__YOUR OBJECTIVE__: Required from the data below: the exact lines starting at the line containing "Годинник настільний електронний" and ending at the line containing "2. Bagi mendapatkan", with both ends kept and all pictures dropped.

__GIVEN DATA__:
────────

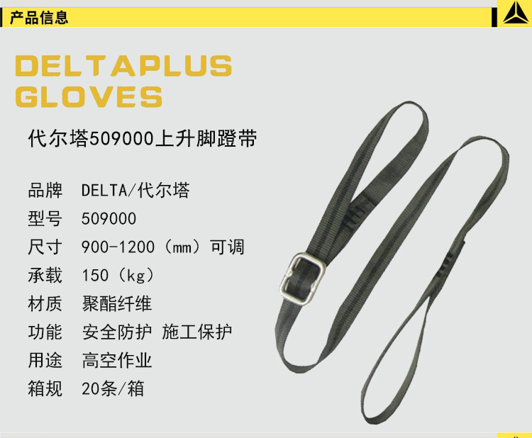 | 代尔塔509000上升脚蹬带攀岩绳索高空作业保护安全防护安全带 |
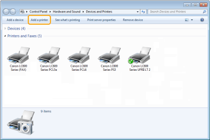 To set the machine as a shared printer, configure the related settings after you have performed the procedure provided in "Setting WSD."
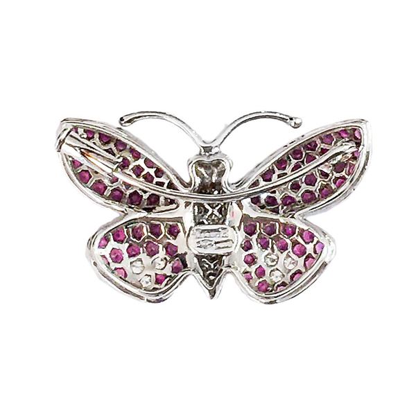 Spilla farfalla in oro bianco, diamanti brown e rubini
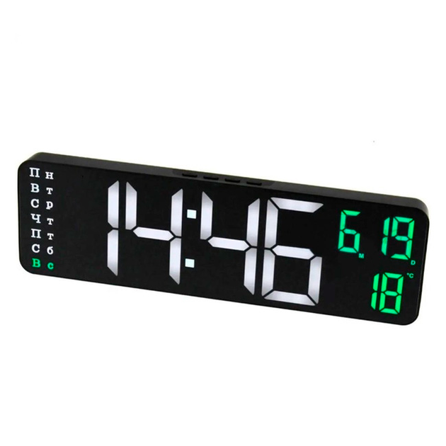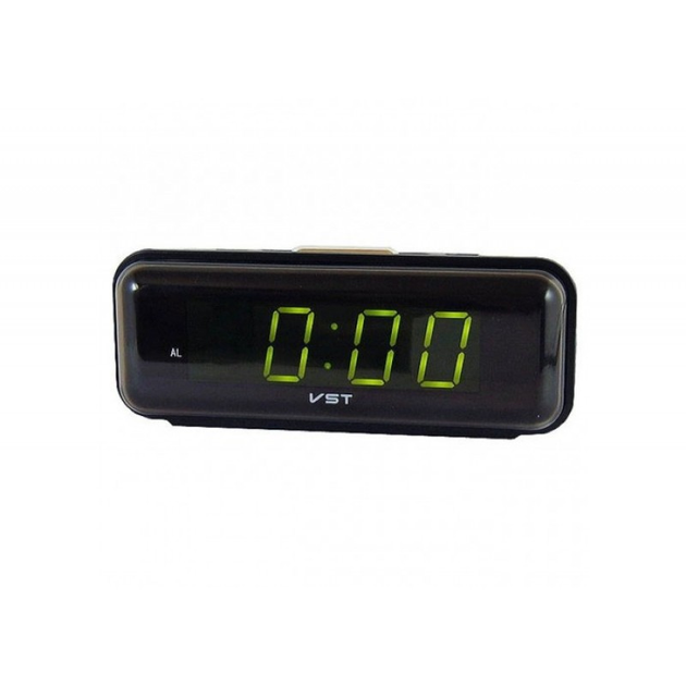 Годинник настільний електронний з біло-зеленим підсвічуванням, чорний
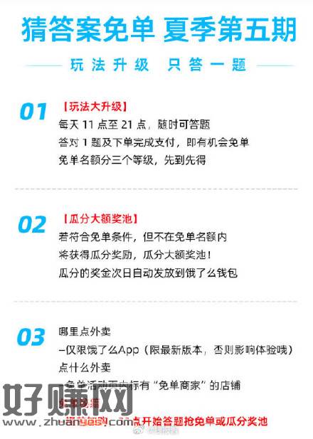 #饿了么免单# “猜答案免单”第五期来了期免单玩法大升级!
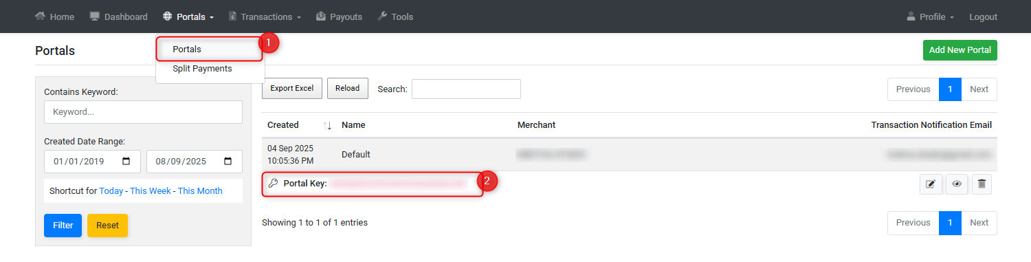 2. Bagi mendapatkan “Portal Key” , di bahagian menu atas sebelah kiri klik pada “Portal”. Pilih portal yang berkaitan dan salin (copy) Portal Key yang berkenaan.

────────

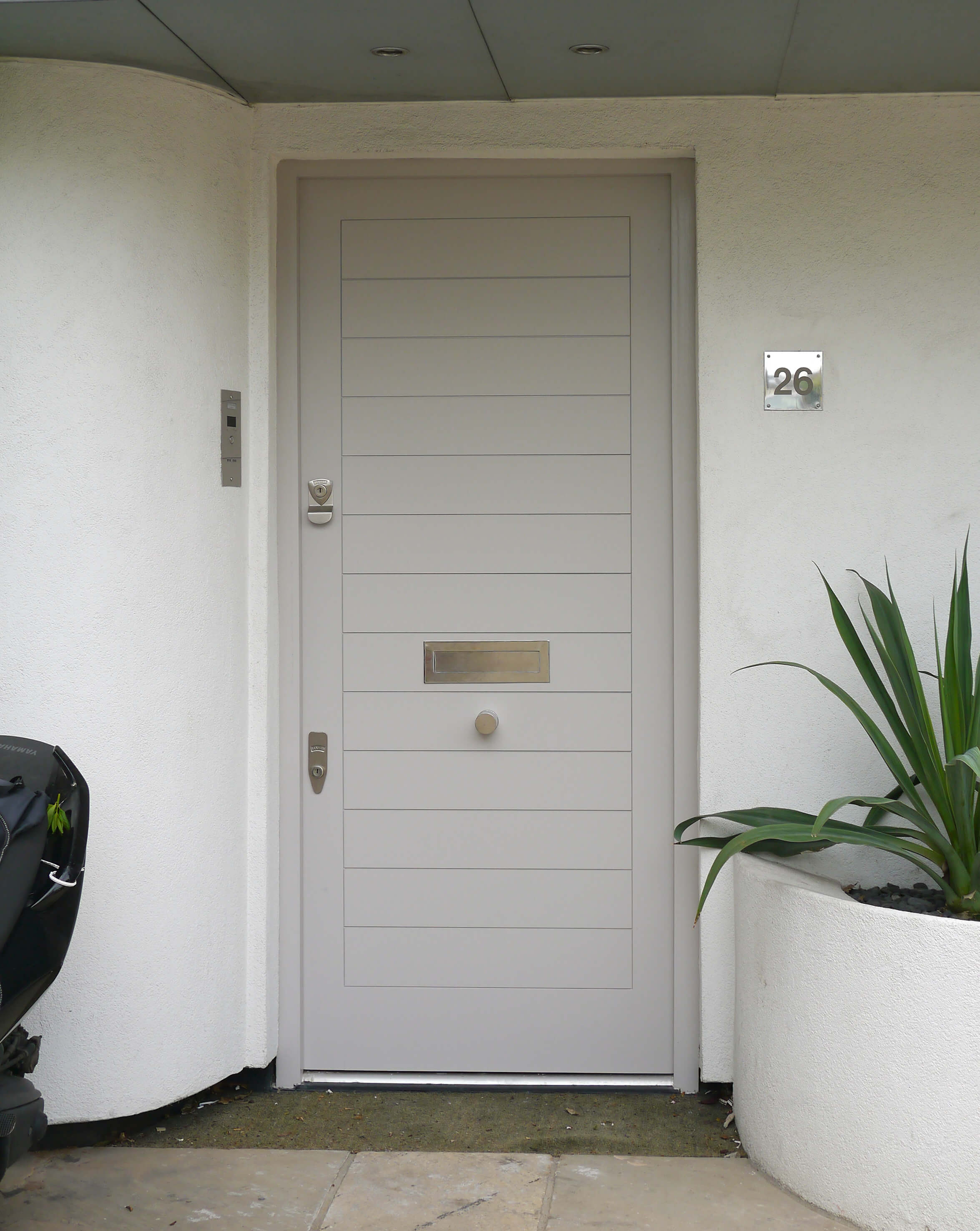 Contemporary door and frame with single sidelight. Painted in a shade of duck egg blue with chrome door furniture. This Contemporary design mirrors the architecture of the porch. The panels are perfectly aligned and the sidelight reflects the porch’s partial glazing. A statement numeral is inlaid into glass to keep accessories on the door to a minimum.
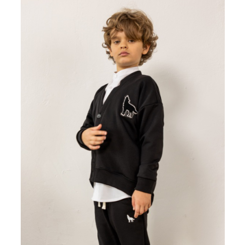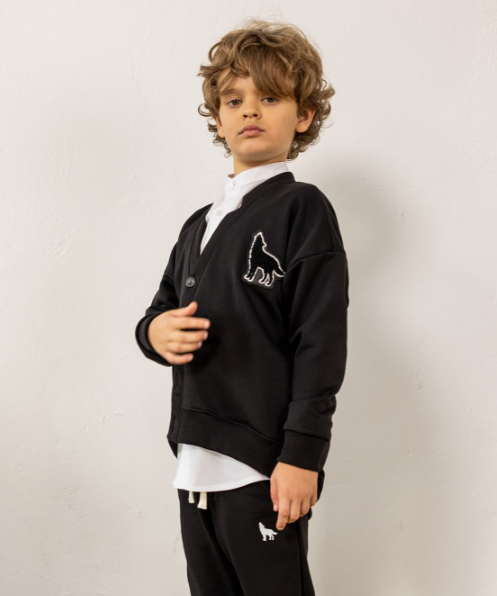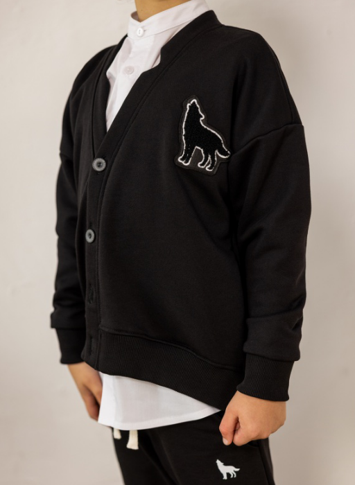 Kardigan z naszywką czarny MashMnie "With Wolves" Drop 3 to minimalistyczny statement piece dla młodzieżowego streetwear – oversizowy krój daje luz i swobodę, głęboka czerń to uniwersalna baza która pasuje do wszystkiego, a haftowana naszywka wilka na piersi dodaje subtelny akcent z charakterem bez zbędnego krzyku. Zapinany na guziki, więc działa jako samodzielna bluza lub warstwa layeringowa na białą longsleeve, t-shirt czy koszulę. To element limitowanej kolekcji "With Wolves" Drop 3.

────────

__ANSWER BOX__:
 Годинник настільний електронний з біло-зеленим підсвічуванням, чорний
 #饿了么免单# “猜答案免单”第五期来了期免单玩法大升级!
 2. Bagi mendapatkan “Portal Key” , di bahagian menu atas sebelah kiri klik pada “Portal”. Pilih portal yang berkaitan dan salin (copy) Portal Key yang berkenaan.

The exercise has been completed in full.